Why Chefs Love This Tulsa-Made Grill so Much
Hasty-Bake article featured on Eater.
The Hasty-Bake looks simple, but a few small details make it an obsession of Tulsa pitmasters.
When Nick Parsons moved to Tulsa a decade ago, he thought a good grill needed to weigh 300 pounds. Then he met the Hasty-Bake.
“I bought one and never looked back,” says the owner of Forge Barbecue Co. and the Tulsa Barbecue School. He was used to offset smokers and big barbecue trailers, but now uses Hasty-Bakes at both his companies. “It doesn’t look like the fanciest rocket ship on the market,” he admits, but the flavor he could get out of it, the ease of use, and the versatility won him over.
If the name Hasty-Bake Charcoal Oven sounds like a newfangled rival to the Easy-Bake Oven, you’ve probably never been to Tulsa. That’s where the innovative grill — easy enough for novices but particularly appealing for outdoor cooking nerds — has been manufactured since 1948, when World War II vet Grant Hastings created the appliance he spent his fighting years dreaming of. The Hasty-Bake allows users to smoke, grill, or even bake all in the same machine (and switch back and forth between them quickly, if you want). It’s a staple of backyards in Oklahoma and a cult favorite for chefs.
To an untrained eye, the Hasty-Bake looks like a standard grill, but a few small and important design details set it apart. The first is the side door with access to its adjustable charcoal tray, which allows the cook to feed the fire without having to touch or move the meat. (It’s also where you can access and pull out the ash pit for easy cleaning.)
The second is that the charcoal tray is vertically mobile, so you can bring it up to right under the meat for a quick sear, and then drop it right down for a very low-temperature smoke. Dean Fearing of Fearing’s in Dallas says he makes his much-requested barbecue chicken by starting with that hot sear, then he lowers the tray, adds wet hickory chips, and smokes it. “It’s the best flavor, period.” Fearing was first turned onto the grills 25 years ago, and now keeps two on-site at his restaurant.

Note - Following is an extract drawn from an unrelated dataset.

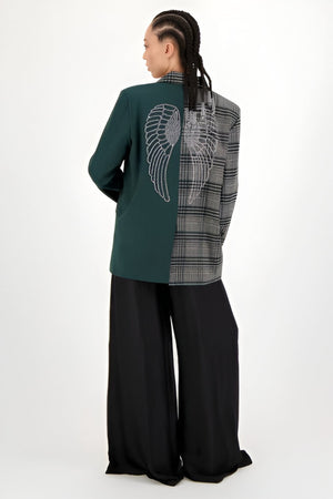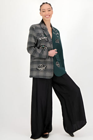 - Vintage looking blazer style jacket with collar, lapel and two pocket flaps.

Tulsa native Joel Bien admits he was a bit late to the local company, having just tried one last year. But now it’s joined his arsenal on his food truck Oklahoma Rub, and he’ll run catering events on only two or three Hasty-Bakes. “It’s basically a huge charcoal oven,” he says. “You can do whatever you want with it.”
But they stand up to it: At Tulsa’s much-acclaimed Burn Co. BBQ, Adam Myers, a former Hasty-Bake salesperson built an entire kitchen by forgoing a pit or professional smoker in favor of a T-shaped arrangement of more than a dozen of Hasty-Bakes.